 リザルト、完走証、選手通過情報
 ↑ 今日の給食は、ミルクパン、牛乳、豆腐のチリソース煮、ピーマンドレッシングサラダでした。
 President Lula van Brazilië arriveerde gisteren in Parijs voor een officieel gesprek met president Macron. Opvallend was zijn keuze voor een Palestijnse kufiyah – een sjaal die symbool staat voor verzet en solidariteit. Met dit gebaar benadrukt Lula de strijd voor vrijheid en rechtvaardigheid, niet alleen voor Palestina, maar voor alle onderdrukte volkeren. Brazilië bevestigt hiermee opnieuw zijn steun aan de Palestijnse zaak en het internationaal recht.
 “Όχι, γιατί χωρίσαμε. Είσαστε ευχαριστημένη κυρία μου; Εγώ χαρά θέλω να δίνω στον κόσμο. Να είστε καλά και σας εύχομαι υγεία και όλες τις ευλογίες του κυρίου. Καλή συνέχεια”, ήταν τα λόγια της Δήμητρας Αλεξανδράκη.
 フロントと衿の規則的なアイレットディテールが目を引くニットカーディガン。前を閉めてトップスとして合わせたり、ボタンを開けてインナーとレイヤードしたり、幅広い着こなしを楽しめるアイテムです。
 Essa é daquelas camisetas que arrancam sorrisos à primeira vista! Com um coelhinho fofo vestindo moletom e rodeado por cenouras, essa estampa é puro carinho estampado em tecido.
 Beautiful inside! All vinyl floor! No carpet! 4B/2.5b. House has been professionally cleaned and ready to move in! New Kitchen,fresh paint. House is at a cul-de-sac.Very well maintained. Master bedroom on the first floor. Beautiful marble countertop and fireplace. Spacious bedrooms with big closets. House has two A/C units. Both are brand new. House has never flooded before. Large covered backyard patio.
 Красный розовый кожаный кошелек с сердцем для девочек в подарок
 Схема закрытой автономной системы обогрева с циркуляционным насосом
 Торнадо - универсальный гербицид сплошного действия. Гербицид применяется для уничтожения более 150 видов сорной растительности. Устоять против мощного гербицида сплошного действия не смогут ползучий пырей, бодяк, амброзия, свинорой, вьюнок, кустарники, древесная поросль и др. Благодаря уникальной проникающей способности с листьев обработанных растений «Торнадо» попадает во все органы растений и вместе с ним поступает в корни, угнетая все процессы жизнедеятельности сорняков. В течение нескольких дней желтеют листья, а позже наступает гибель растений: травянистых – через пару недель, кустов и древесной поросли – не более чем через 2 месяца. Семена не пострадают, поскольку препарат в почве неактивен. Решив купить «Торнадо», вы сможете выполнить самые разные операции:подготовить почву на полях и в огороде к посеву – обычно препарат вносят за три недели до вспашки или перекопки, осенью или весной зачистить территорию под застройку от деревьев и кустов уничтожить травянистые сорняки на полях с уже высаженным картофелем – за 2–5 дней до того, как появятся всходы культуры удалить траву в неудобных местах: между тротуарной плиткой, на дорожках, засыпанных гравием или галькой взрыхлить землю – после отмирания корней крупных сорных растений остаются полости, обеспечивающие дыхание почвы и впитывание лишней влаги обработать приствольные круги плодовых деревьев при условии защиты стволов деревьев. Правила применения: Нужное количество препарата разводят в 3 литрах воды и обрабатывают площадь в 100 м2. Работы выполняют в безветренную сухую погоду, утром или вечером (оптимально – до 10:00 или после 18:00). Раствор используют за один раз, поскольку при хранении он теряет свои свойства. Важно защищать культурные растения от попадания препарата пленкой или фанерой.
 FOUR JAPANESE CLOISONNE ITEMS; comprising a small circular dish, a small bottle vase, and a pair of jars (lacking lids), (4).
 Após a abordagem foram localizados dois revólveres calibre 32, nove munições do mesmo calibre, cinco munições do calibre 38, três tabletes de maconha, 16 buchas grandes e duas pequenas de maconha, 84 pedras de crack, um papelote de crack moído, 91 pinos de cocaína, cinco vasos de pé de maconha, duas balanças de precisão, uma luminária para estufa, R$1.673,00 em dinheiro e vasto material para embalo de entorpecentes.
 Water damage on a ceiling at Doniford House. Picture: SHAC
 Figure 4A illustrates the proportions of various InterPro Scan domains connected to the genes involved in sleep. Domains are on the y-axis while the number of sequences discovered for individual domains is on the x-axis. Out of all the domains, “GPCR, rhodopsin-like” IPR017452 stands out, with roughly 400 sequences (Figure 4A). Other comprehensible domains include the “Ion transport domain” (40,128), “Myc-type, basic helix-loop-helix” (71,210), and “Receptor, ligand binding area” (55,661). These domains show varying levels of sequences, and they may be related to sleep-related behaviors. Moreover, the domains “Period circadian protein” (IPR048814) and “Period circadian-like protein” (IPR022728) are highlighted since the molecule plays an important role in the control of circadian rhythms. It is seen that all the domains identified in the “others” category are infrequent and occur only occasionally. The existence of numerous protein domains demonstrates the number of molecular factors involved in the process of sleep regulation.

*-*-*

- _TASK DETAILS_
Each entry must appear again in the answer exactly as written.

- _EXERCISE ANSWER_
 リザルト、完走証、選手通過情報
 ↑ 今日の給食は、ミルクパン、牛乳、豆腐のチリソース煮、ピーマンドレッシングサラダでした。
 President Lula van Brazilië arriveerde gisteren in Parijs voor een officieel gesprek met president Macron. Opvallend was zijn keuze voor een Palestijnse kufiyah – een sjaal die symbool staat voor verzet en solidariteit. Met dit gebaar benadrukt Lula de strijd voor vrijheid en rechtvaardigheid, niet alleen voor Palestina, maar voor alle onderdrukte volkeren. Brazilië bevestigt hiermee opnieuw zijn steun aan de Palestijnse zaak en het internationaal recht.
 “Όχι, γιατί χωρίσαμε. Είσαστε ευχαριστημένη κυρία μου; Εγώ χαρά θέλω να δίνω στον κόσμο. Να είστε καλά και σας εύχομαι υγεία και όλες τις ευλογίες του κυρίου. Καλή συνέχεια”, ήταν τα λόγια της Δήμητρας Αλεξανδράκη.
 フロントと衿の規則的なアイレットディテールが目を引くニットカーディガン。前を閉めてトップスとして合わせたり、ボタンを開けてインナーとレイヤードしたり、幅広い着こなしを楽しめるアイテムです。
 Essa é daquelas camisetas que arrancam sorrisos à primeira vista! Com um coelhinho fofo vestindo moletom e rodeado por cenouras, essa estampa é puro carinho estampado em tecido.
 Beautiful inside! All vinyl floor! No carpet! 4B/2.5b. House has been professionally cleaned and ready to move in! New Kitchen,fresh paint. House is at a cul-de-sac.Very well maintained. Master bedroom on the first floor. Beautiful marble countertop and fireplace. Spacious bedrooms with big closets. House has two A/C units. Both are brand new. House has never flooded before. Large covered backyard patio.
 Красный розовый кожаный кошелек с сердцем для девочек в подарок
 Схема закрытой автономной системы обогрева с циркуляционным насосом
 Торнадо - универсальный гербицид сплошного действия. Гербицид применяется для уничтожения более 150 видов сорной растительности. Устоять против мощного гербицида сплошного действия не смогут ползучий пырей, бодяк, амброзия, свинорой, вьюнок, кустарники, древесная поросль и др. Благодаря уникальной проникающей способности с листьев обработанных растений «Торнадо» попадает во все органы растений и вместе с ним поступает в корни, угнетая все процессы жизнедеятельности сорняков. В течение нескольких дней желтеют листья, а позже наступает гибель растений: травянистых – через пару недель, кустов и древесной поросли – не более чем через 2 месяца. Семена не пострадают, поскольку препарат в почве неактивен. Решив купить «Торнадо», вы сможете выполнить самые разные операции:подготовить почву на полях и в огороде к посеву – обычно препарат вносят за три недели до вспашки или перекопки, осенью или весной зачистить территорию под застройку от деревьев и кустов уничтожить травянистые сорняки на полях с уже высаженным картофелем – за 2–5 дней до того, как появятся всходы культуры удалить траву в неудобных местах: между тротуарной плиткой, на дорожках, засыпанных гравием или галькой взрыхлить землю – после отмирания корней крупных сорных растений остаются полости, обеспечивающие дыхание почвы и впитывание лишней влаги обработать приствольные круги плодовых деревьев при условии защиты стволов деревьев. Правила применения: Нужное количество препарата разводят в 3 литрах воды и обрабатывают площадь в 100 м2. Работы выполняют в безветренную сухую погоду, утром или вечером (оптимально – до 10:00 или после 18:00). Раствор используют за один раз, поскольку при хранении он теряет свои свойства. Важно защищать культурные растения от попадания препарата пленкой или фанерой.
 FOUR JAPANESE CLOISONNE ITEMS; comprising a small circular dish, a small bottle vase, and a pair of jars (lacking lids), (4).
 Após a abordagem foram localizados dois revólveres calibre 32, nove munições do mesmo calibre, cinco munições do calibre 38, três tabletes de maconha, 16 buchas grandes e duas pequenas de maconha, 84 pedras de crack, um papelote de crack moído, 91 pinos de cocaína, cinco vasos de pé de maconha, duas balanças de precisão, uma luminária para estufa, R$1.673,00 em dinheiro e vasto material para embalo de entorpecentes.
 Water damage on a ceiling at Doniford House. Picture: SHAC
 Figure 4A illustrates the proportions of various InterPro Scan domains connected to the genes involved in sleep. Domains are on the y-axis while the number of sequences discovered for individual domains is on the x-axis. Out of all the domains, “GPCR, rhodopsin-like” IPR017452 stands out, with roughly 400 sequences (Figure 4A). Other comprehensible domains include the “Ion transport domain” (40,128), “Myc-type, basic helix-loop-helix” (71,210), and “Receptor, ligand binding area” (55,661). These domains show varying levels of sequences, and they may be related to sleep-related behaviors. Moreover, the domains “Period circadian protein” (IPR048814) and “Period circadian-like protein” (IPR022728) are highlighted since the molecule plays an important role in the control of circadian rhythms. It is seen that all the domains identified in the “others” category are infrequent and occur only occasionally. The existence of numerous protein domains demonstrates the number of molecular factors involved in the process of sleep regulation.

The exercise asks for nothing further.